Rosa closed her eyes.

“Rosa…Rosa!”

At first, she thought she was imagining the voice, high and shrill, that was snatched away by the wind. Was it Sophie, calling to her all the way from America, lambasting her for lying in her letters, or was it Hannah or Rachel, begging her to help them,savethem, when she knew there was nothing—absolutely nothing—she could do?

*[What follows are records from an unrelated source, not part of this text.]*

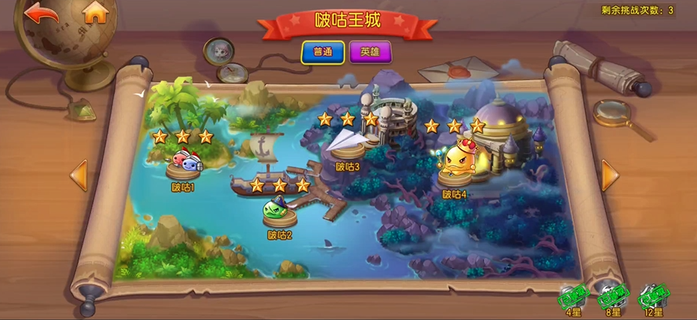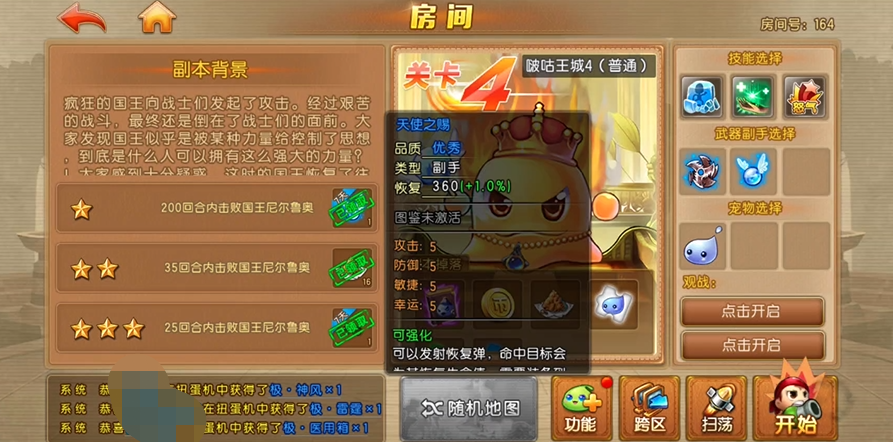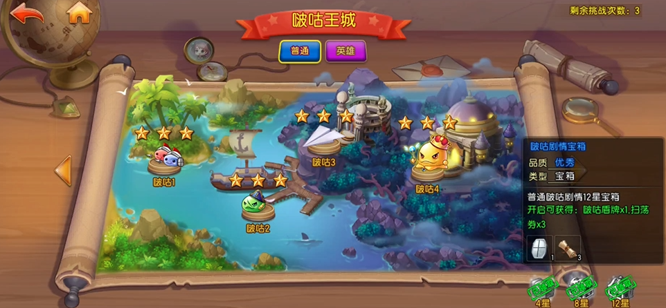 首先是天使之赐,这个的获取相对更简单,只需要打到啵咕4关卡,然后拿到该副本的一颗星即可,关卡的每颗星都对应着各自的目标,想拿到天使之赐只需要玩家在200个回合内击败这关的国王boss即可,对于长期玩的朋友来说,这是非常容易的,当然,如果你能二十五回合内击败它,也能拿额外的珍稀奖励。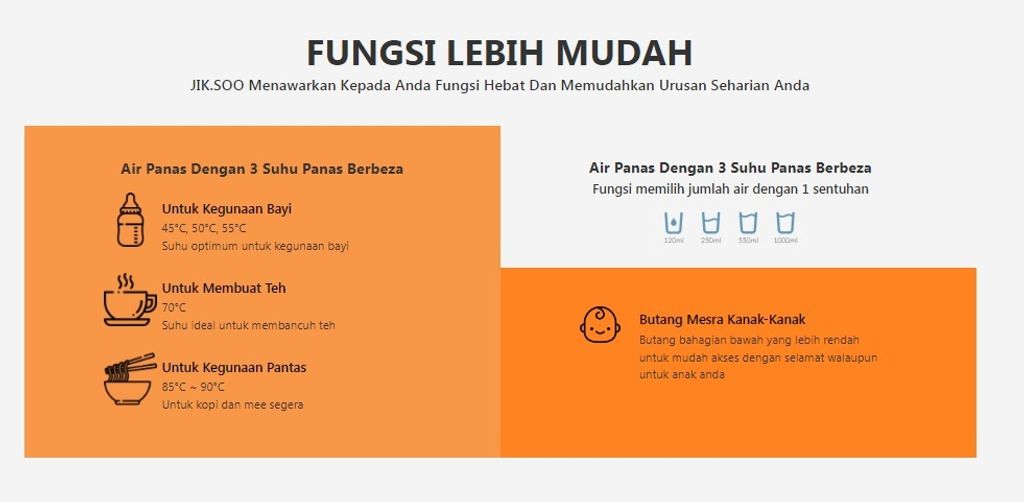 Anda boleh memilih sukatan air 120ml, 250ml, 550ml dan 1 liter. Sama ada cawan atau botol, JIKSOO Rich boleh menampungnya.
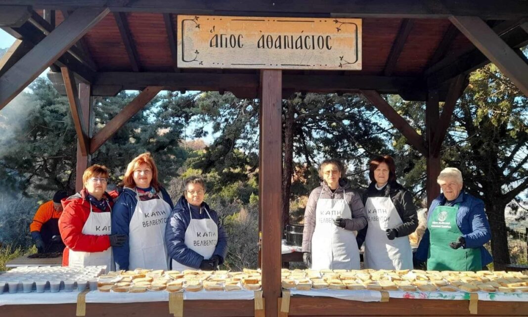 Στις γραφικές πλαγιές των Πιερίων, 2 χιλιόμετρα δεξιά από το Στάδιο Βελβεντού ο Δήμος Βελβεντού, το ΚΑΠΗ και εθελοντές πολίτες θα προσφέρουν λουκάνικα και τοπικό κρασί στους επισκέπτες. Οι βελβεντινοί συνήθως «πιάνουν» από νωρίς μέρος με τις παρέες τους στις γραφικές πλαγιές γύρω από το εξωκλήσι, όπως γράφει το e-ptolemeos.gr.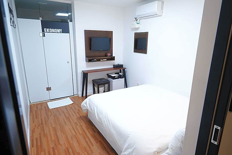 This single room has a private entrance, seating area and air conditioning. This room has no window.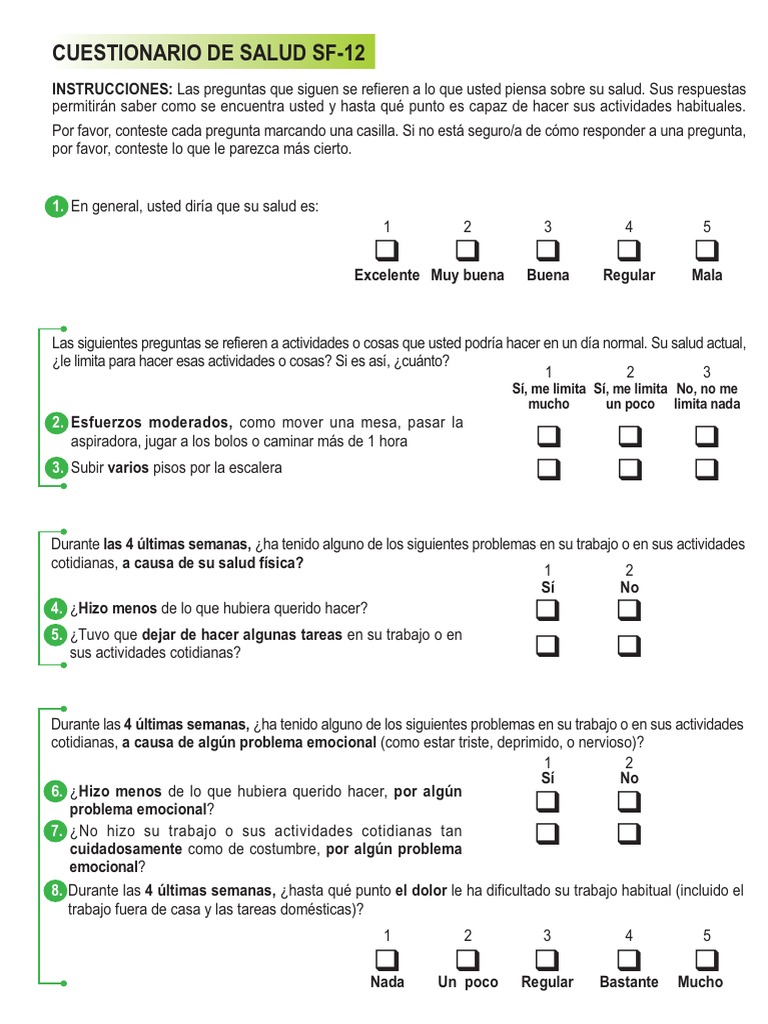 SF-12 Health Survey3,4. El SF-12 es una versión reducida del Cuestionario de Salud SF-36
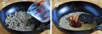 3、烧热炒锅,加入食用油润锅,下牛肉馅煸炒至水分收干,肉馅微微发焦;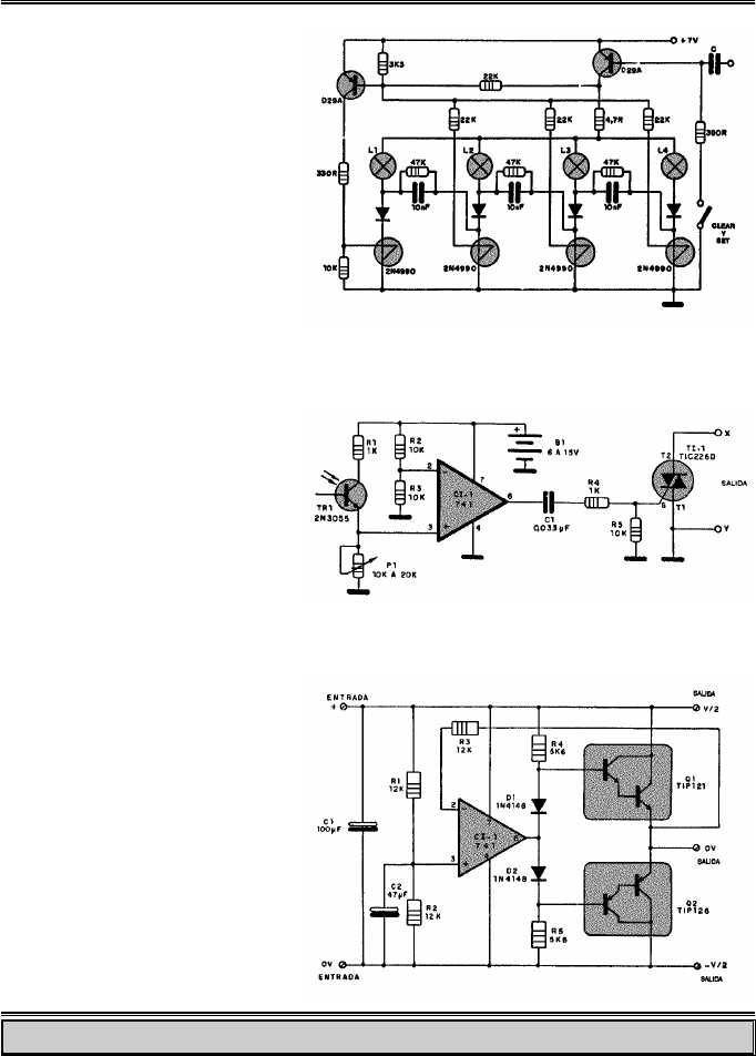 MM O N TO N T A J E SA J E S D ED E EE L E C T R O N I C AL E C T R O N I C A CONTADOR EN ANILLO Se trata de un circuito secuencial para lámparas incandescentes de baja ten- sión que puede ser empleado como elemento decorativo o instrumento (las lámparas serían Leds). FLASH SECUNDARIO Empleando un 2N3055, al cual se le quita la carcaza, como fototransistor, construimos una unidad de disparo de un flash secundario. La alimentación se hace con tensiones entre 6 y 15V. FUENTE SIMETRICA Para alimentar circuitos con amplifica- dores operacionales así como también para muchas otras aplicaciones, se emplea una fuente partida. Para quie- nes tienen una fuente simple, con este sencillo circuito es posible construir una fuente simétrica de hasta 20V Circuitos Electrónicos 5 1 MM O N TO N T A J E SA J E S D ED E EE L E C T R O N I C AL E C T R O N I C A 2 Circuitos Electrónicos 5 RECEPTOR DE BANDA CIUDADANA El circuito es un receptor que opera en la banda de los 27MHz. Los bobinados L2 y L3, se efectúan sobre una forma idéntica a las utiliza- das para construir bobinas de F.I. co- merciales. Primero se devana el amo- blamiento primario (L3) que consiste en tres vueltas de alambre de 0,25 mm. de diámetro, posteriormente se arrolla L2 que consiste en 3,5 + 4 vueltas de alambre de 0,25 mm de diámetro. El transformador así forma- do debe incluir un núcleo de ferrite. Los transformadores T2 y T3 se cons- truyen de idéntica forma, siendo el de- talle de los bobinados los siguientes: L4 = 9 vueltas de alambre 0,25 mm. de diámetro. L5 = 1,5 vueltas de alambre 0,25 mm de diámetro. L6 = 158 vueltas de alambre 0,08 mm de diámetro. L7 = 32 vueltas de alambre 0,08 mm de diámetro. ELEVADOR DE OCTAVA Se trata de un efecto de sonido que au- menta la tonalidad de la voz o de un instrumento musical. P1 y P2 permiten ajustar la profundi- dad de la actuación y deben ser logarít- micos. TIMMER MULTIPROPOSITO Se trata de un circuito básico monoestable, cuya período puede calcularse como: T = 1,1 . R . C MM O N TO N T A J E SA J E S D ED E EE L E C T R O N I C AL E C T R O N I C A GENERADOR PARA AJUSTE DE FI Construimos un instrumento sencillo pero eficaz que puede ser empleado para la calibración de los receptores de AM. Emplea compuertas TTL y no precisa ajuste para su funcionamiento. La salida presenta una señal de 455kHz modulada en tono. BOOSTER DE GRAVES DE 48W Con un solo integrado es posible construir un refuerzo de graves (para señales por debajo de los 200Hz) del orden de los 48W. C1 = C2 = 105/fc donde fc es la frecuencia de corte del filtro de nuestro booster. Se co- necta entre la salida del amplificador y los par- lantes. MEDIDOR DE INTENSIDAD DE CAMPO Este circuito puede servir para verificar el funcionamiento de pequeños trans- misores de radio. Indica la presencia de ondas de radio cuya frecuencias estén comprendidas entre 100kHz y 100MHz. La indicación se da en un simple microamperímetro de 200µA a fondo de escala. Circuitos Electrónicos 5 3 MM O N TO N T A J E SA J E S D ED E EE L E C T R O N I C AL E C T R O N I C A 4 Circuitos Electrónicos 5 CONTROL TERMICO PARA ESTUFAS El circuito que proponemos posibilita el control térmico de cualquier ambiente, man- tendrá la temperatura en una determinada banda de val- ores ajustables por medio de P1 y P2. Q1 puede ser un transistor de germanio del tipo 2SA49 o cualquier otro. También puede emplearse un NTC común. SENCILLO CARGADOR DE BATERIAS DE AUTO Este circuito es una solución para car- gar una batería de auto en forma “manual”. En la posición R1 la carga es rápida mientras que en la posición R2 la carga es lenta y se preserva mejor el acumulador. FUENTES CON REGULADORES INTEGRADOS La figura muestra la disposición en que deben conectarse dos regu- ladores de tensión integrados de tres terminales para obtener sendas fuentes de 6V y 12V respectivamente. La regulación de estos componentes suele ser muy buena. MM O N TO N T A J E SA J E S D ED E EE L E C T R O N I C AL E C T R O N I C A AMPLIFICADOR PARA 250MHZ Se trata de un amplificador de 25W que puede emplearse en transmisores en la banda de los 450MHZ. Las bobinas se construyen: CH1: Choque de RF que se construye bobinando 12 espiras de alambre Nº 28 sobre una resistencia de 120kΩ. CH2: Idem CH1 CH3: Choque de RF que se construye bobinando 12 espiras de alambre Nº 18 sobre una forma de 1/2" con una longitud de 3/8". Las terminales deben tener un largo de 1/2" CH4: Choque de RF que se construye bobinando 9 espiras de alambre Nº 28 sobre una resistencia de 120 KW x 1/4 watt L1=L2= Bobinas que se construyen devanando 2,5 espiras de alambre Nº 18 sobre una forma de 3/16" de diámetro con una longitud del arrollamiento de 3/8". Los terminales deben tener un largo de 1/8" L3 = Bobina que se construye devanando 2 espiras de alambre Nº 18 sobre una forma de 3/16" de diámetro con una longitud del arrollamiento de 3/8" Los terminales deben tener un largo de 1/8" Los trimmers de ajuste de los filtros del amplificadoor se eligen de la siguiente manera: C1=C2=C3=C4=C5=C6=C7= capacidad va- riable entre 1pF y 8 pF C8=C9= capacidad variable entre 0,5 pF y 2 pF CONTROL DE VELOCIDAD El circuito representa un sencillo con- trol de velocidad para micromotores de corriente continua de los empleados en radio control. Se pueden regular motores de hasta 800mA de corriente. OSCILADOR DE ALTA FRECUENCIA Se trata de un sencillo transmisor para prácticas telegráficas (de alta frecuen- cia). L1 es una bobina de antena (con ferrite) de las empleadas en los radios a transistores de AM de ondas me- dias. Circuitos Electrónicos 5 5 MM O N TO N T A J E SA J E S D ED E EE L E C T R O N I C AL E C T R O N I C A 6 Circuitos Electrónicos 5 AMPLIFICADOR DE AUDIO Se trata de un ampli- ficador universal de salida que puede ser empleado con cual- quiera de los pream- plificadores publica- dos en este mismo libro. Los transistores Darlington son comu- nes y pueden conse- guirse en cualqui

She slipped her hand into her pocket, withdrew the emerald she still carried with her everywhere. For a single, wild second, she considered throwing it into the sea. She wasn’t worthy of it, of their promises to each other…

“Rosa!”

Rosa let out a startled gasp as her mother hurtled toward her, grabbing her by the shoulders. The sliver of emerald slipped out of her grasp, clattering to the pavement, and rolling away. With another gasp, this one of alarm, Rosa lunged for it. No, she realized, she didn’t want to give it up. She would keep her promises, no matter what it cost her.

“Mutti, what is it?” she asked as she slipped the emerald into her pocket. “What has happened? Why aren’t you with Father?” Belatedly, Rosa registered the look of anguish and anxiety crumpling her mother’s face, one hand clutched to her chest as her breaths came out in ragged gasps.

“He didn’t come,” her mother told her, and began to weep. “On the way to the castle, he wasattacked. He’s in the hospital, Rosa, and they say they don’t know if he’ll survive.”

CHAPTER 20

Her father had been taken to the island’s hospital for internees, in the Falcon Cliff Hotel in Douglas, and then transferred to the island’s main hospital, Noble’s, on Westmoreland Road, due to the extent of his injuries. Rosa learned all this in stages, as she’d appealed to Dame Joanna for information, as well as the opportunity for her and her mother to visit her father in hospital.

“I understand your distress, child,” Dame Joanna had said in her firm yet kind way, “and we will arrange for your transport as soon as we can. But there are three thousand women at Rushen, and many of them want to travel to Douglas, just as you do, to see their husbands or fathers. We simply haven’t enough constables to accompany everyone. You will have to wait, and in the meantime, we will give you what news we can.”

How many of those women, Rosa had thought in frustration, had fathers or husbands who were hovering near death’s door? And why should she need a constable anyway, simply to visit her own father, considering how impossible it was to leave this forsaken island? Her helplessness infuriated her, and perversely, it made her feel even angrier at her father, for his part in why they were here in the first place. And yet he was injured, badly so, and she feared for his life.

The details of the attack were sparse, and given with seeming reluctance. Those in charge of the camps prided themselves on the order they instilled, and Rosa suspected they did not want to admit when it failed. What she did know was that three men, fellow internees, had set upon her father while he’d been walking to Derby Castle, and beaten him into a bloody unconsciousness. The doctors did not know the extent of any internal damage, but three days on, at least, her father was alive and seeming, slowly, to recover, although, according to Dame Joanna, doctors had warned that he might have lasting effects from the attack.

Then, finally, five days after it had happened, Rosa and her mother were allowed to be taken to Douglas in the company of a constable to see her father in hospital. Her mother clung to Rosa’s arm as they entered the ward, while the female constable remained outside by the door.

Her mother had been beside herself ever since she’d had word of the attack, lamenting how she hadn’t been there, as if, somehow, she could have stopped the men setting upon her husband, when, surely, she would have only been hurt herself, as well.

“Oh, Fritz!Fritz.” Her mother began to weep freely as she flew to her husband’s side.

Rosa hung back by the foot of the bed as she gazed down at her father, shaken by how injured he truly was. His right arm was in a sling, and his chest and stomach were heavily bandaged. He had another bandage wrapped around his head, and one eye was swollen completely shut, his face covered in cuts and bruises. Despite all these injuries, his left arm was chained to the bed, the handcuff heavy on his wrist. How on earth, Rosa wondered, did they think he might be able to escape?